▸ **YOUR TASK**
Skip all pictures; return exactly the lines from the one containing "Un demi-siècle plus" through the end of the data.

Extracted records:
====
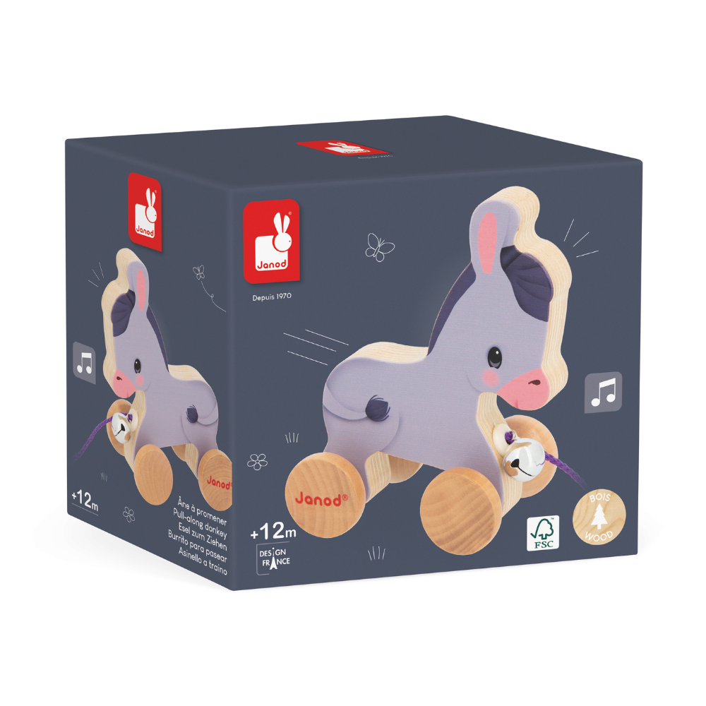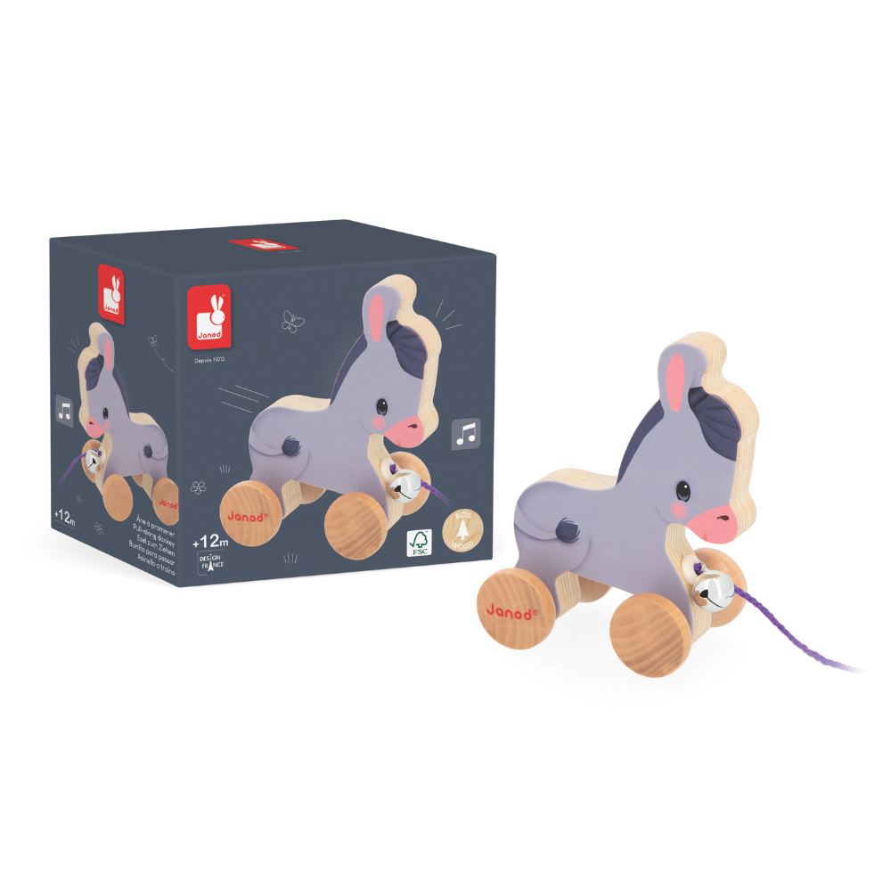 Na frente, há um sino. Quando o burrinho anda, ele faz som. Assim, a brincadeira fica mais divertida. Além disso, chama a atenção do bebê.
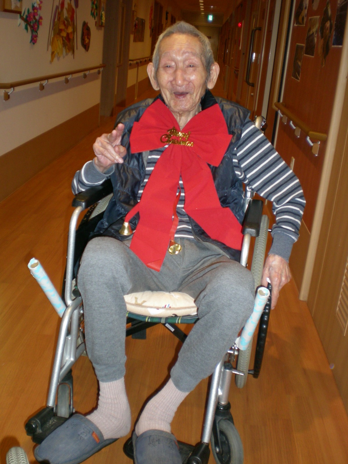 男性の利用者様も途中参加し赤いリボンを付け記念撮影!
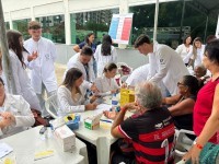 A ação também ofereceu atendimentos de saúde aos participantes, incluindo aferição de glicose, verificação da pressão arterial e outras práticas voltadas ao cuidado com os idosos.
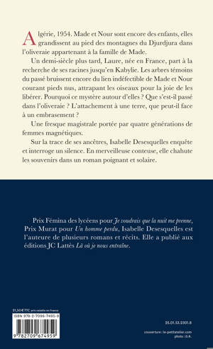 Un demi-siècle plus tard, Laure, née en France, part à la recherche de ses racines jusqu’en Kabylie. Les arbres témoins du passé bruissent encore du lien indéfectible de Made et Nour courant pieds nus, attrapant les oiseaux pour la joie de les libérer. Pourquoi ce mystère autour d’elles ? Que s’est-il passé dans l’oliveraie ? L’attachement à une terre, que peut-il face à un embrasement ?
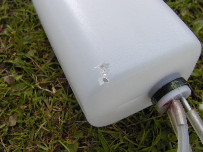 Skruvar isär modellen, skummgummit runt ackar är dyngsurt. Lite pyssel för att få ur tanken, men ser vad som är orsak till läckaget. Två hål i tanken, troligen uppkomna när hålet för stötstången till motorn borrades i motorspantet.
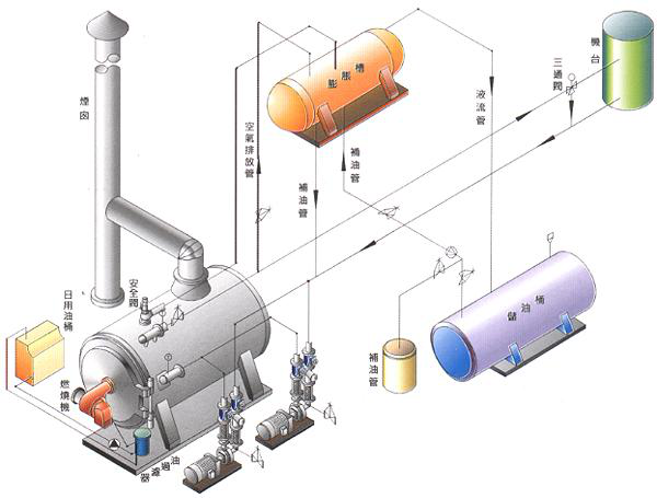 燃气导热油炉循环供热系统由:炉体、循环泵、系统管道、阀门及高低位槽等组成。其中锅炉本体是导热油供热系统关键的核心设备,为此,重点介绍我公司所生产的第三代具优势的导热油锅炉本体优势。
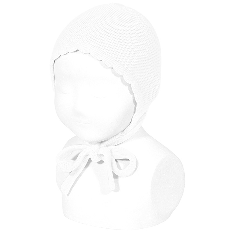 Cuello de punto links calado para bebé. Abrochado con botón de madera.
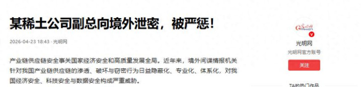 某稀土公司副总向境外泄密华体会体育app官网,被重办!——2026-04-23 18:43光明网
====
▸ **OUTPUT**
 Un demi-siècle plus tard, Laure, née en France, part à la recherche de ses racines jusqu’en Kabylie. Les arbres témoins du passé bruissent encore du lien indéfectible de Made et Nour courant pieds nus, attrapant les oiseaux pour la joie de les libérer. Pourquoi ce mystère autour d’elles ? Que s’est-il passé dans l’oliveraie ? L’attachement à une terre, que peut-il face à un embrasement ?
 Skruvar isär modellen, skummgummit runt ackar är dyngsurt. Lite pyssel för att få ur tanken, men ser vad som är orsak till läckaget. Två hål i tanken, troligen uppkomna när hålet för stötstången till motorn borrades i motorspantet.
 燃气导热油炉循环供热系统由:炉体、循环泵、系统管道、阀门及高低位槽等组成。其中锅炉本体是导热油供热系统关键的核心设备,为此,重点介绍我公司所生产的第三代具优势的导热油锅炉本体优势。
 Cuello de punto links calado para bebé. Abrochado con botón de madera.
 某稀土公司副总向境外泄密华体会体育app官网,被重办!——2026-04-23 18:43光明网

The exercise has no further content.